The National Clinical Care Commission report from the U.S. Department of Health and Human Services (HHS) discusses population-level strategies for federal programs in order to prevent and control diabetes. The report emphasizes the need for federal agencies to promote the consumption of water over sugar-sweetened beverages, support breastfeeding individuals, and expand housing opportunities for low-income individuals and families in areas with access to healthy food, green space, and walkability.
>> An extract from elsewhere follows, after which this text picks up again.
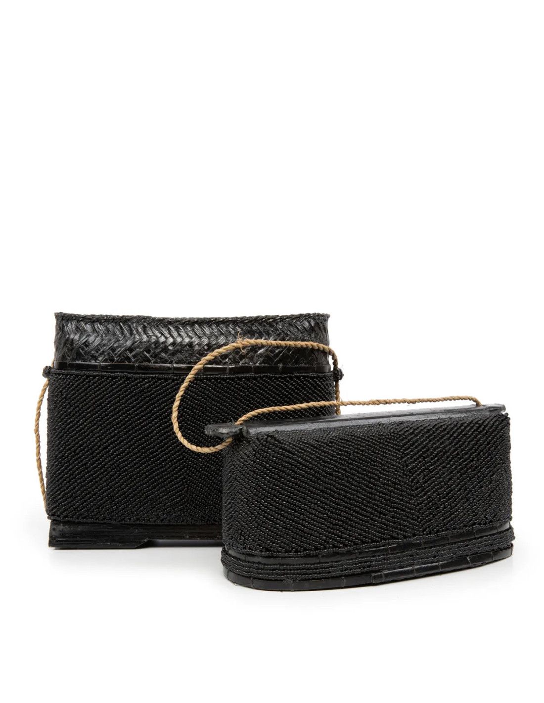 Set 3 Paniers Rayes Jonc Noir

Diabetes management is critical to prevent complications from the disease. Diabetes can be controlled with a healthy diet, exercise, and insulin or oral diabetes medications. More information about the prevention and treatment of diabetes is available on the Centers for Disease Control and Prevention (CDC) website and through the American Diabetes Association.

== The cost of diabetes ==
Complicated diabetes is one of the twenty most costly diseases occurring during hospitalization in the United States. It was one of the top five most expensive conditions for uninsured patients. The economic cost of diabetes increased by 26% between 2012 and 2017 due to the increasing prevalence of diabetes and rising costs per person with diabetes. The estimated total cost of being diagnosed with diabetes in 2017 was US$327 billion, including US$237 billion in direct medical costs and US$90 billion in reduced productivity.